→ **THE PROBLEM**
From the first line of the listing below to the line with "PG HOUSEでは建てて終", print each line exactly, and nothing more. Leave out the pictures.

*** INFORMATION SUPPLIED ***

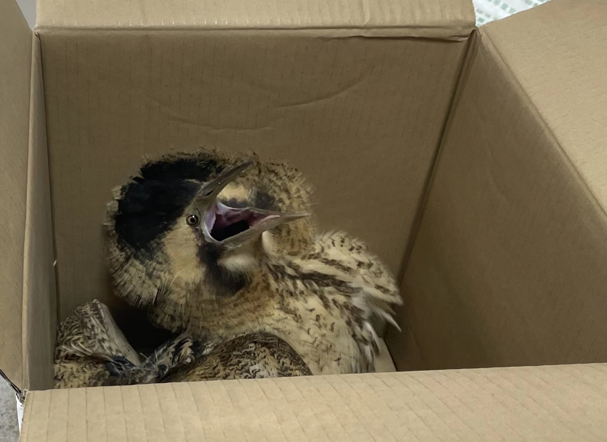 3月7日上午,崇明庙镇一热心市民报警求助,称在林地中发现一只大鸟蜷缩在地上,疑似受伤。庙镇派出所民警迅速赶到,该鸟见有人接近,鸟喙不停向上啄,民警小心翼翼地把大鸟装进纸盒,带回派出所。
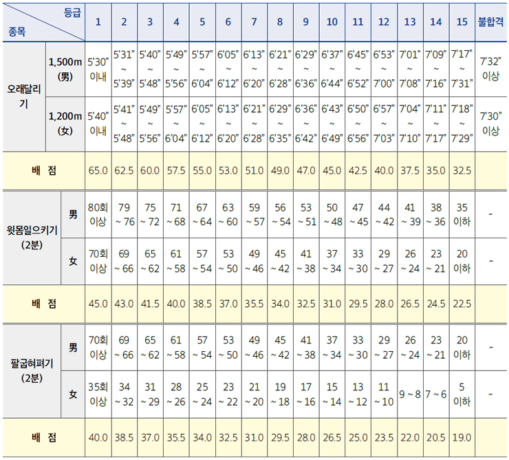체력검정 기준
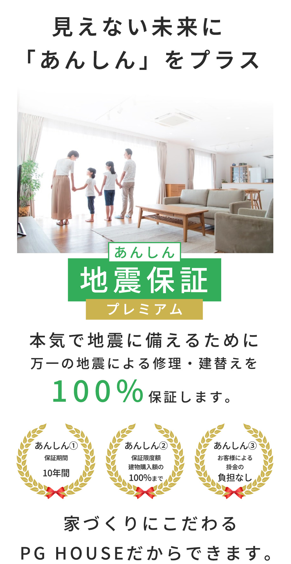 PG HOUSEでは建てて終わりではなく、建ててから一生涯安心して暮らして頂くための取り組みにも力を入れております。地域密着企業としての責任をもって、誠意のある対応をいたします。
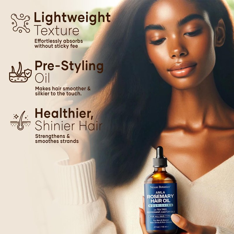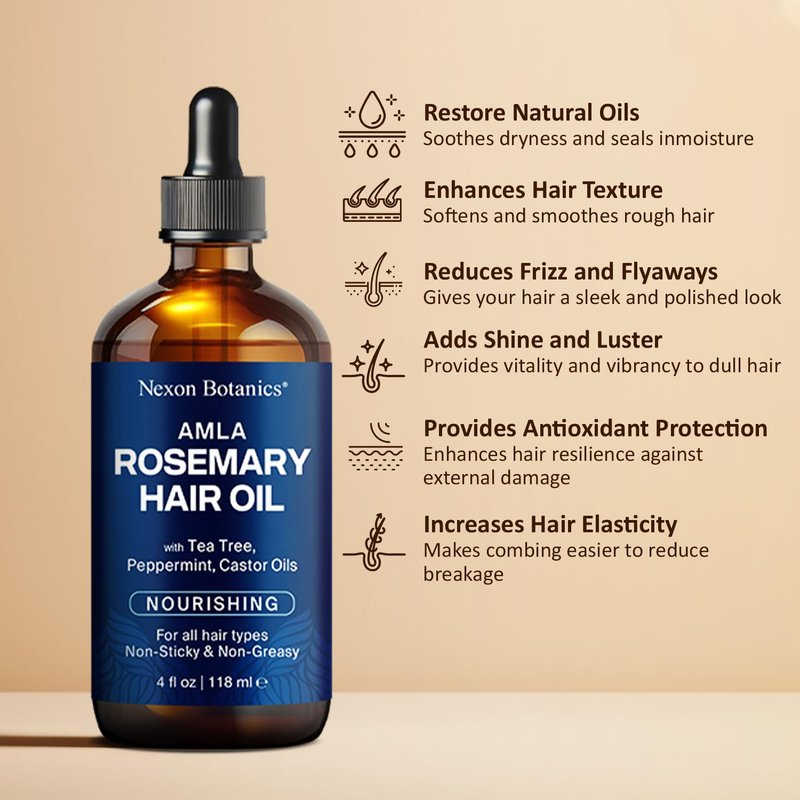Amla Rosemary Hair Oil 4 fl Oz - Nourishing Rosemary Oil for Hair Growth - Mint, Castor, Tea Tree - Hair Growth Oil for Damaged Hair, Curly Hair, Frizzy Hair, Dry Scalp - Men, Women - Nexon Botanics

*** End of INFORMATION SUPPLIED ***

→ **RESPONSE TO THIS TASK**
 3月7日上午,崇明庙镇一热心市民报警求助,称在林地中发现一只大鸟蜷缩在地上,疑似受伤。庙镇派出所民警迅速赶到,该鸟见有人接近,鸟喙不停向上啄,民警小心翼翼地把大鸟装进纸盒,带回派出所。
체력검정 기준
 PG HOUSEでは建てて終わりではなく、建ててから一生涯安心して暮らして頂くための取り組みにも力を入れております。地域密着企業としての責任をもって、誠意のある対応をいたします。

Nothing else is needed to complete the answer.